*** DATASET SECTION ***

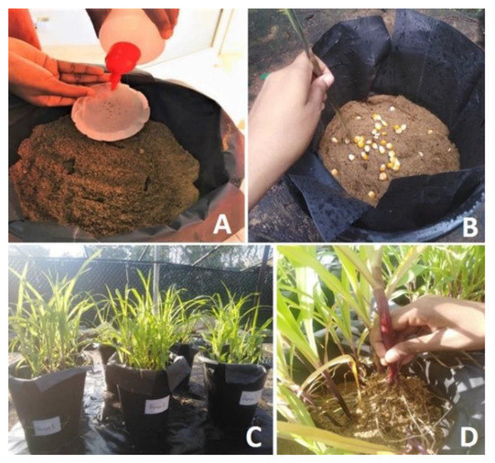 Established trap culture for single species AMF isolates using maize plants as hosts. (A) Introduction of the single-species AMF spores to the pot; (B) Application of the maize seeds to the top of the AMF spores after one day; (C) Two-week-old maize plants; (D) Collection of the AMF-trapped one-month-old maize roots.
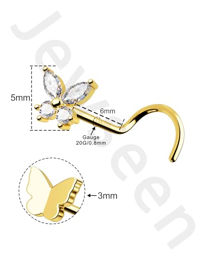 Jewseen 14K Gold Nose Stud 20G Nose Ring Butterfly Nose Piercing Jewelry CZ Nostril Piercing Jewelry Nose Screw Studs for Women Men
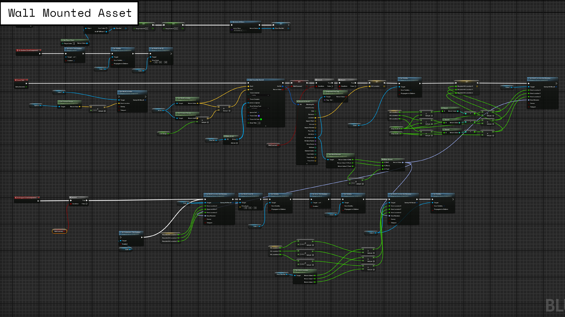 For this BP, I set the wall-mounted asset's location. On tick, a line trace by channel hits from the back, setting both full-scale and miniature assets at the hit location. The miniature location is normalized. Tick is enabled “on grab” and disabled “on dropped” for optimization.

***

_WHAT NEEDS TO BE DONE_
All of the material above is to be copied exactly, except for its images.

_RESPONSE_
 Established trap culture for single species AMF isolates using maize plants as hosts. (A) Introduction of the single-species AMF spores to the pot; (B) Application of the maize seeds to the top of the AMF spores after one day; (C) Two-week-old maize plants; (D) Collection of the AMF-trapped one-month-old maize roots.
 Jewseen 14K Gold Nose Stud 20G Nose Ring Butterfly Nose Piercing Jewelry CZ Nostril Piercing Jewelry Nose Screw Studs for Women Men
 For this BP, I set the wall-mounted asset's location. On tick, a line trace by channel hits from the back, setting both full-scale and miniature assets at the hit location. The miniature location is normalized. Tick is enabled “on grab” and disabled “on dropped” for optimization.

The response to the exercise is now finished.